These peppercorns have a distinct flavor that’s similar to green citrus fruits and lemongrass, and a sharpness that’s similar to unripe lemon. It’s a nice little thing to add to your spice rack, especially if you like experiencing new flavors.
Sichuan peppercorns are used in a ton of dishes from the Sichuan region, including Shuizhu Niurou (Sichuan boiled beef) and Chongqin Mala (spicy stir fry chicken).
What makes Sichuan pepper awesome is how it pairs with spicy dishes (our Taiwanese spicy beef ramen is a great example!). The peppercorns are not spicy themselves, but they somehow elevate the flavor and numb the pure heat to where you can enjoy the food instead of fanning your mouth!
In addition to spicy dishes, you can use Sichuan pepper to make dipping sauces and chutneys.
A wonderful spice to cook with, Sichuan peppercorns can brighten up any subdued dish and work great with other strong flavors such as garlic, ginger, and citrus.
Ground Ginger (Dried)
Dried ginger is another primary ingredient of Asian cuisine as a whole due to its mix of strong flavor and versatility.
It’s one of the very few spices that are just as good dried as they are fresh, if not better. In fact, dried ginger is accommodated much more than fresh ginger
Along with garlic, ginger is one of the main wet ingredients for sauces and spice pastes in Asian cuisine. It provides both flavor and body to gravies, depending on the amount you’re using and the consistency of the final product.
Additionally, you can use dried ginger along with the typical ‘dessert herbs’ such as cinnamon and nutmeg.
Overall, dried ginger is an ideal spice for adding a sweet, aromatic heat to your dishes. It can add incredible flavor to anything without there having to be chunks in your food.
Bonus: White Pepper!
One of our favorite spices that we love to add to our immi ramen is white pepper! We’ve found that white pepper lends a more well-rounded taste instead of the sharper heat of black pepper.
Although it’s the same berry, white pepper has much less of that pungent taste that you get with the black variety.
You could use white pepper as a replacement for black pepper in just about any dish.
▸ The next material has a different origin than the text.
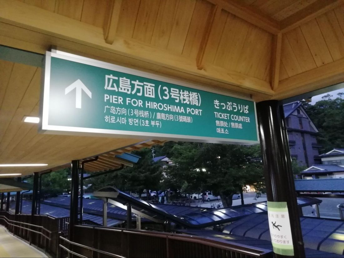 It’s mildly tricky to find the boat when it is time for your cruise. You are told that the boat will leave from Pier 3, but the majority of maps of Miyajima that I have seen make no reference to a Pier 3. Getting off the ferry from the mainland it is still very easy to miss the Pier 3 sign, because it is off to the left, and rather small. It’s a case of being obvious if you know where to look for it, and obscure if you don’t already know. So let’s bring you in the know. The JR ferry uses Pier One, while the rival Matsudai ferry uses Pier 2. As these both empty into the same building it’s easy to not be aware of the whole “1” and “2” part of it. Just as you exit this ferry terminal building, look immediately to your left and you’ll see a sign in green that makes reference to Pier 3.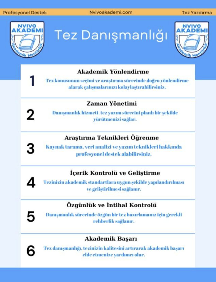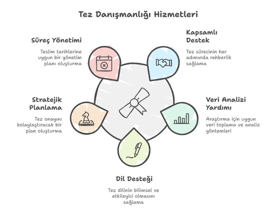 Tez yazma sürecinde, akademik destek olarak tez danışmanlığı verilir. Konu seçimi, veri analizi, kaynak tarama ve yazım kuralları bu hizmetin kapsamındadır. Çok sayıda öğrenci, zorlu ve zaman alan tez yazma süreci nedeniyle profesyonellerden yardım almayı tercih eder.

It’s super-versatile as a spice and doesn’t overpower the flavor of the dish you put it in.
Since white peppercorns are allowed to fully ripen and then fermented, they provide dishes with a more herby taste, as compared to black pepper. It also blends well with other ingredients, especially MSG.
Adding it to a simple bowl of ramen adds a unique kick that takes the flavor up a notch!